The Bulgarian National corpus is being created at the Institute for Bulgarian Language „Prof. L. Andreychin” by researchers from the Department of Computational Linguistics and the Department of Bulgarian Lexicology and Lexicography. Its core incorporates several electronic corpora, developed in the period 2001-2009 for the purposes of the two departments, but has been substantially expanded in the following years. The corpus reflects the state of the Bulgarian language (mainly in its written form) from the middle of ХХ c. (1945) until the present.
The enlargement of the BulNC has involved not only the amassing of Bulgarian texts, but also the compilation of parallel corpora with Bulgarian as a pivot language. This means that texts in other languages that are added to the corpus obligatory have a Bulgarian counterpart in the Bulgarian part of the corpus, which consists its core.
Currently (2014), the corpus core consists of approximately 1.2 billion words and more than 240,000 texts. So far 47 foreign languages have been included totalling about 4.2 billion words. Thus, the overall size of the corpus is about 5.4 billion words.
The corpus is supplied with three levels of annotation:
- a detailed metadata description – information for author, date of creation, date of publication, type, genre, domain, etc.;
- monolingual annotation – tokenisation, sentence splitting, POS tagging, lemmatisation, word sense annotation (with senses assigned from the Bulgarian WordNet);
- multilingual annotation – alignment at different levels, currently sentence and clause level for parts of the corpus.
A special corpus search system has been developed, which allows complex queries to be performed.
The tagset used in the annotation of the BulNC is available: here.
BulNC’s search system
Tyoe: written and spoken language; multi-lingual; general, with a number of specialised subcorpora; supplied with metadata description and multi-level linguistic annotation.
Size: more than 240,000 text samples distributed in 9 categories.

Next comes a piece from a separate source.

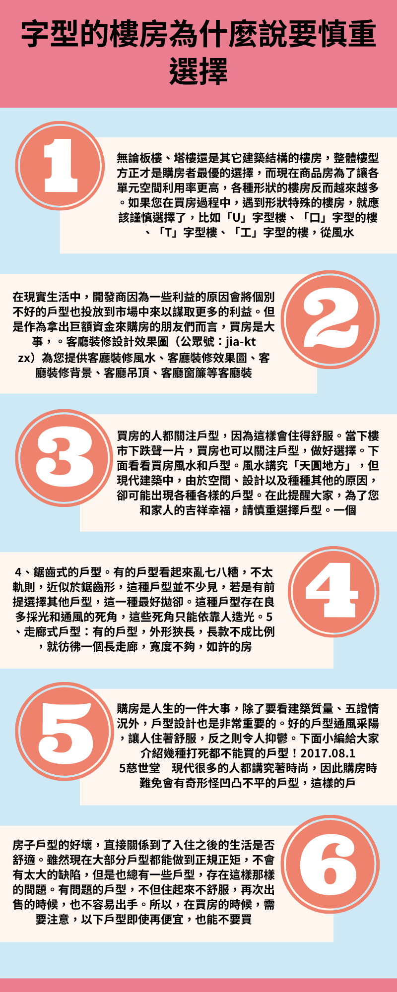 2017.08.15慈世堂 現代很多人講究著時尚,因此購房時會形怪凹凸不平戶型,這樣戶型格局會導致全家人運勢反覆,代表著主人創業,投資,生意方面順心,運勢助風水,是於人磁場。今天慈世堂來教大家,哪幾種戶型,千萬不要購買。

Overall size: approximately 5.4 billion words.
Application: The Bulgarian National Corpus enables a number of applications in various linguistic areas: in computational linguistics; in lexicography; within theoretical studies of specific linguistic phenomena; for observations of the characteristics of individual language domains; for extracting exemplary sentences for the education in Bulgarian, etc.
Annotation: monolingual annotation: tokenisation, sentence splitting, POS annotation and disambiguation, and lemmatisation; word sense annotation with senses assigned from the Bulgarian WordNet; multi-lingual annotation: sentence and clause alignment for parts of the corpus; detailed metadata descriptio.;
Access: Free online access through the web search system of the Bulgarian National Corpus::
- free online search restricted to 30 hits for users without registration;
- full access to the results for registered users;
- free download of copyright-free texts for registered users.